The ministry noted that income growth at the 20th percentile was higher than for median income earners. Mr Ang said that means income inequality is narrowing.
“This was supported by initiatives that aim to uplift lower-wage workers, such as the (Progressive Wage Model) and the National Wage Council’s recommendation on the quantum of wage increase for lower-wage workers.”
It added that lower-wage workers can expect to see greater income increases in the coming years, and noted that productivity is still outpacing wage increases.
MOM also highlighted that the majority of workers between 25 and 64 years old who transitioned to different industries saw an increase in income.
That suggests that changing industries led to “positive employment outcomes”.

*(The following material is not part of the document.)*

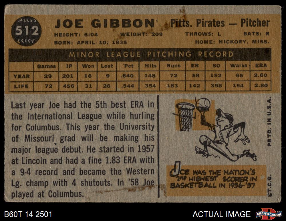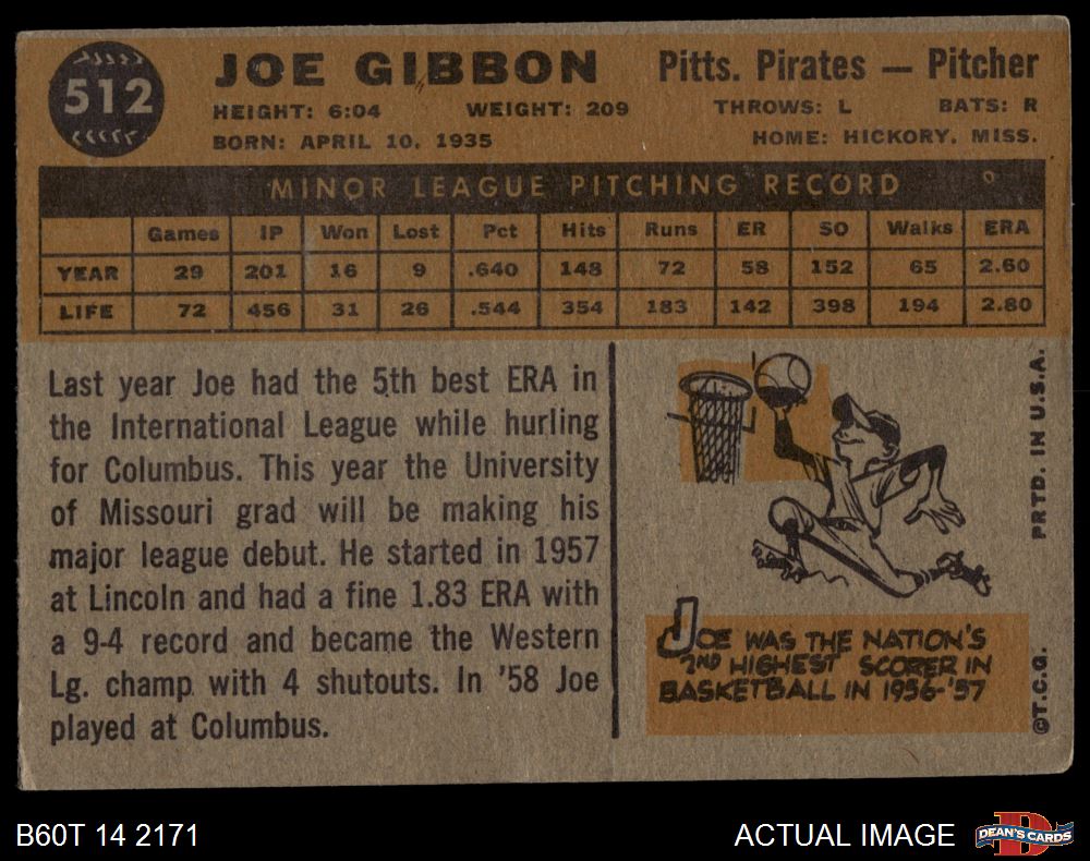 1960 Topps #512 Joe Gibbon 1.5 - FAIR

“They were generally hired into higher-skilled positions in more productive sectors,” the report said, pointing to financial and insurance services, information and communications and professional services. Over the past ten years, more residents have moved into those sectors.
Nearly 60 per cent of 2024’s industry switchers earned at least 5 per cent more after accounting for inflation, and around 20 per cent earned around the same amount.
The remaining 20 per cent saw their real income decline by at least 5 per cent.